Location: Erskine, Scotland, Hybrid

Security Clearance level: SC

Candidates must be UK national/sole British citizens and resided in the UK for 5 years or over.

DXC Technology (DXC: NYSE) is the world’s leading independent, end-to-end IT services company, helping clients harness the power of innovation to thrive on change. Created by the merger of CSC and the Enterprise Services business of Hewlett Packard Enterprise, DXC Technology serves nearly 6,000 private and public sector clients across 70 countries. The company’s technology independence, global talent, and extensive partner network combine to deliver powerful next-generation IT services and solutions. DXC Technology is recognized among the best corporate citizens globally. For more information, visit

The role

Are you passionate about deploying and scaling machine learning solutions in production environments? Do you thrive in a fast-paced, tech-driven setting? We’re looking for a talented ML Ops Engineer to join our growing teams.

Key Responsibilities

Strong proficiency in Python and ML libraries such as:

pandas, NumPy, scikit-learn

XGBoost, LightGBM, CatBoost

TensorFlow, Keras, PyTorch

Experience with model deployment and serving tools:

ONNX, TensorRT, TensorFlow Serving, TorchServe

Familiarity with ML lifecycle tools:

MLflow, Kubeflow, Azure ML Pipelines

Experience working with distributed data processing using PySpark.

Solid understanding of software engineering principles and version control (e.g., Git).

Excellent problem-solving skills and ability to work independently or in a team.
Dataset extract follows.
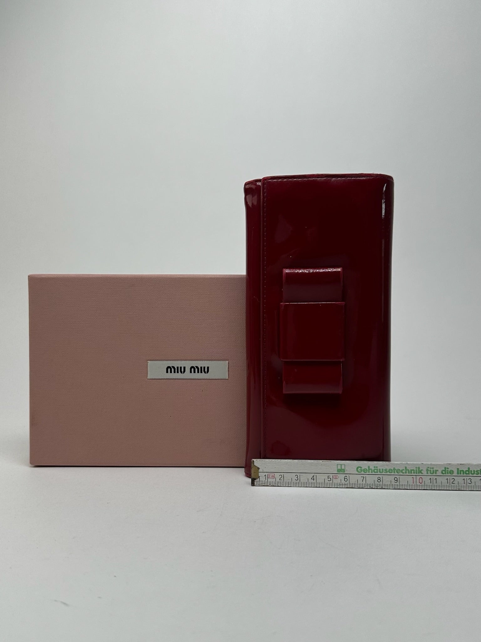 MIU MIU Vintage Patent Leather Wallet. This chic wallet is finely crafted of dark red patent leather with gold-tone steel hardware. The back features a bow appliqué made of matching material. It opens with snap closures to a pink leather interior with multiple compartments.

Collaborate with cross-functional teams to integrate AI solutions into scalable products

Ensure best practices in data engineering and contribute to architectural decisions

Support senior team members in identifying and addressing data science opportunities.

Required Skills & Experience

Proven experience in MLOps or DevOps roles within machine learning environments

Strong programming skills in Python, with hands-on experience in PySpark and SQL

Deep understanding of ML lifecycle management and CI/CD best practices

Familiarity with cloud-native ML platforms and scalable deployment strategies

Excellent problem-solving skills and ability to work independently or in a team.

Demonstrated relevant industry experience, including time spent in a similar role.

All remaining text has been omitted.